8. Dificuldades de organização e planeamento
As funções executivas permitem aos indivíduos planear, organizar e realizar eficazmente as suas tarefas. E elas influenciam realmente o nosso nível de arrumação.
Quando há dificuldades nesta área, a manutenção da limpeza pode parecer uma tarefa insuportável. Não se trata apenas de preguiça, mas de uma verdadeira dificuldade em decompor as tarefas e levá-las a cabo.
Para estas pessoas, até mesmo decidir por onde começar a limpeza pode parecer algo avassalador.
Em vez de se empenharem num problema de cada vez, simplesmente paralizam, evitam-no e deixam que a desordem aumente. O cansaço mental associado à busca por soluções muitas vezes supera a própria tarefa.
Um estudo neuropsicológico revelou que pessoas que vivem num ambiente abarrotado apresentam desempenhos inferiores em atenção e inibição de impulsos quando comparadas a um ambiente organizado.
Por isso, algumas pessoas desorganizadas são mais produtivas quando têm um quadro estruturado ou motivação externa.
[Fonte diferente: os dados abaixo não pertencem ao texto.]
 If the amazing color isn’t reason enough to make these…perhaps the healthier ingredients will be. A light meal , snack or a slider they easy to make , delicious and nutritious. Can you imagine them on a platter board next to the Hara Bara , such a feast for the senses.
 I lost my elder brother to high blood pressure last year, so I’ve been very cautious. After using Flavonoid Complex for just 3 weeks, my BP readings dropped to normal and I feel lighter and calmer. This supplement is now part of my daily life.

Se arrumar não é um hábito para elas, podem necessitar de obrigações ou incentivos para persistir.
Caso contrário, a desordem só aumentará e elas sentir-se-ão bloqueadas, sem saber por onde começar.
Para Concluir

As más hábitos de organização não são unicamente fruto da preguiça; geralmente, existe uma razão mais profunda por trás disso.
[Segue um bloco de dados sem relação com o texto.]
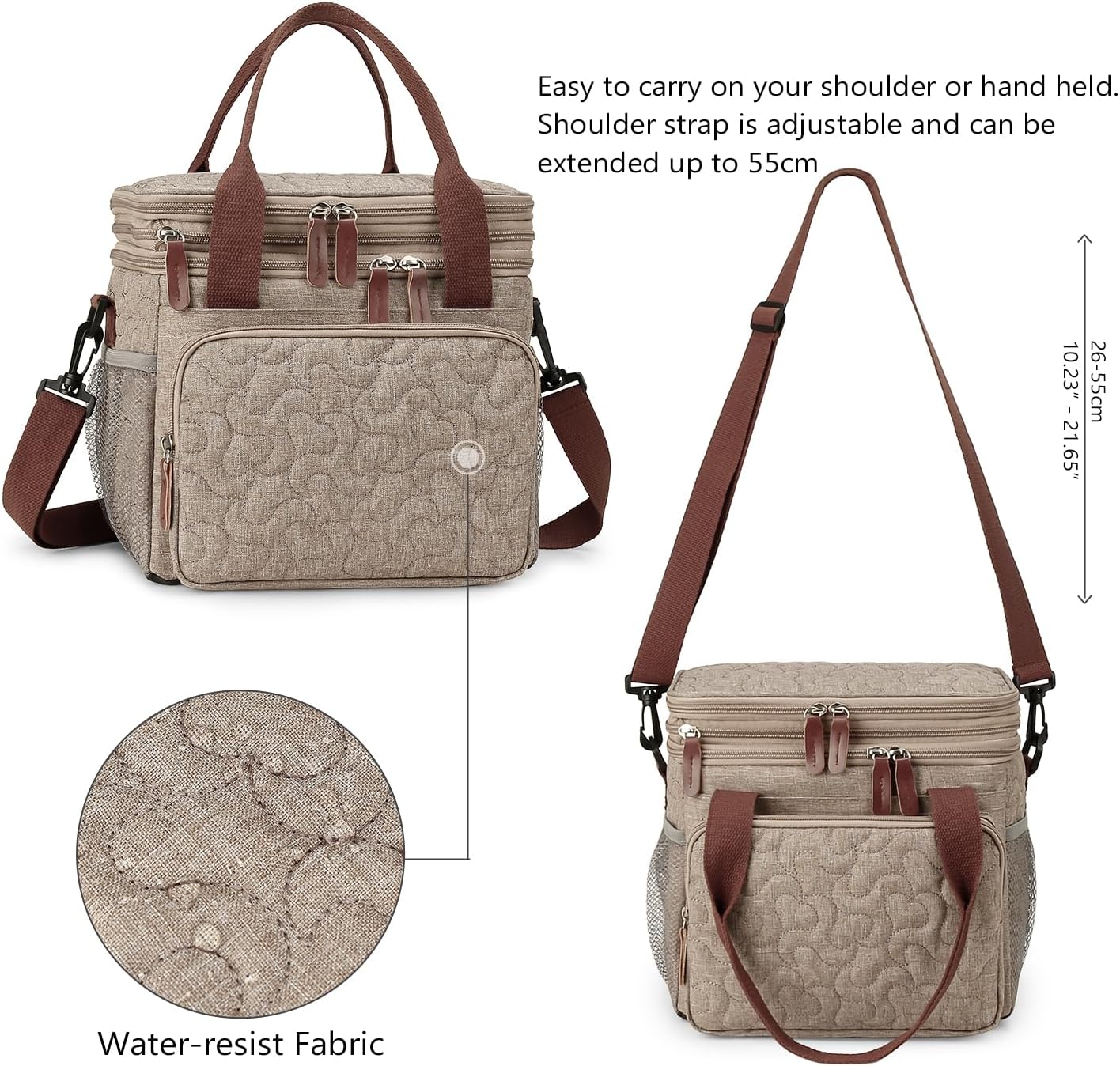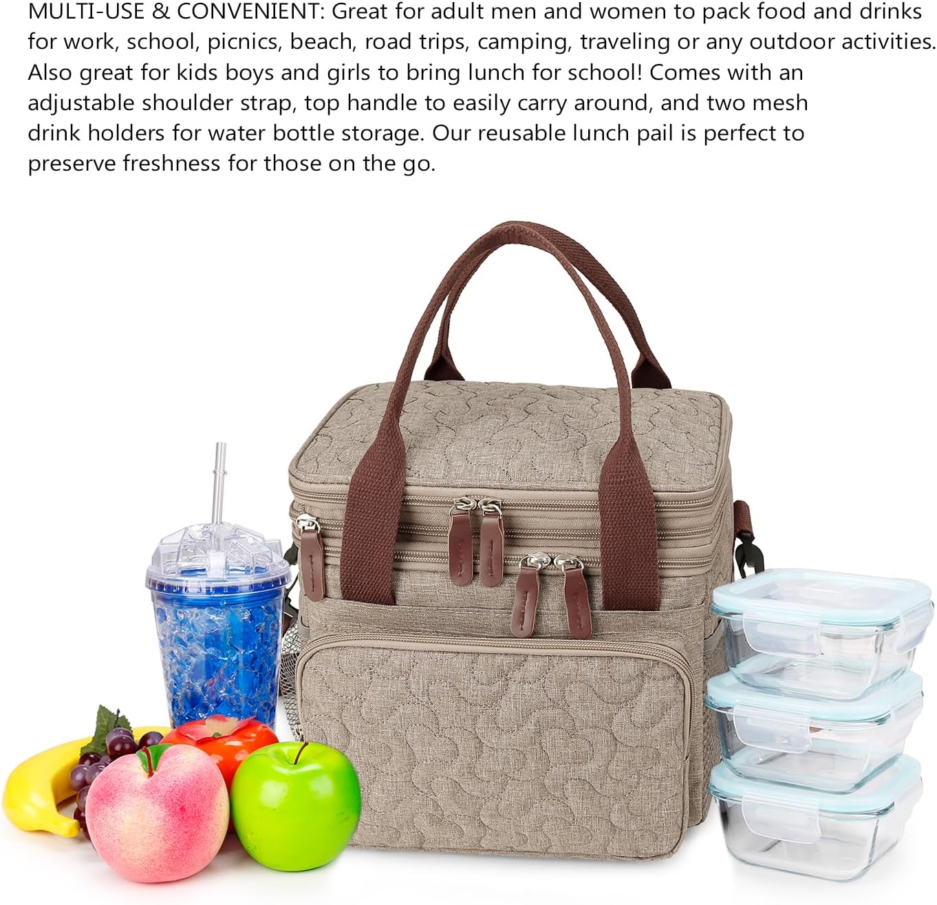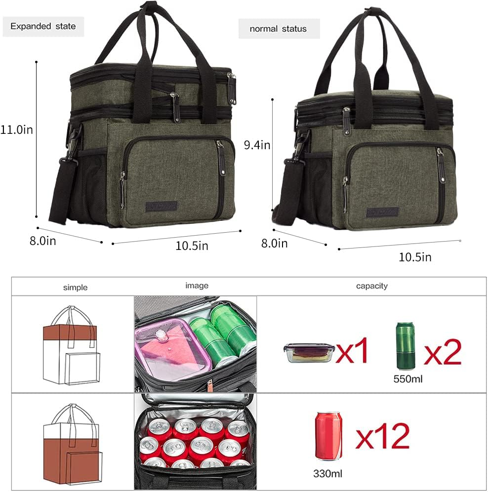 🍴 Muti Purpose - You can take it with to the office, go day trips, beach and sporting, or pack a healthy snack for outdoor activity. Suitable for men and women. Stylish design make it can be used in many occasion as you prefer. Mom also can use it as diaper bag keep milk and as medications or as a casual tote bag.

Um pouco de desordem ocasional é normal, no entanto, deixar as coisas acumularem-se pode resultar em stress, uma sensação de sobrecarga e até mesmo dificuldades mais sérias na vida.
A boa notícia? Esses hábitos não são imutáveis. Pequenas mudanças – como estabelecer rotinas simples, dividir as tarefas em etapas factíveis e criar um ambiente mais estruturado – podem ajudar qualquer um a passar do desordem à ordem.
Não se trata de se tornar um perfeccionista da arrumação da noite para o dia, mas sim de encontrar um equilíbrio que torne a vida um pouco mais fácil e agradável.
Em última análise, um espaço limpo não é apenas uma questão de aparência; é uma forma de sentir-se mais no controle, mais focado e mais sereno.
E se isso lhe parecer um objetivo digno de ser perseguido, talvez seja altura de parar de dizer “Vou arrumar depois” e começar agora.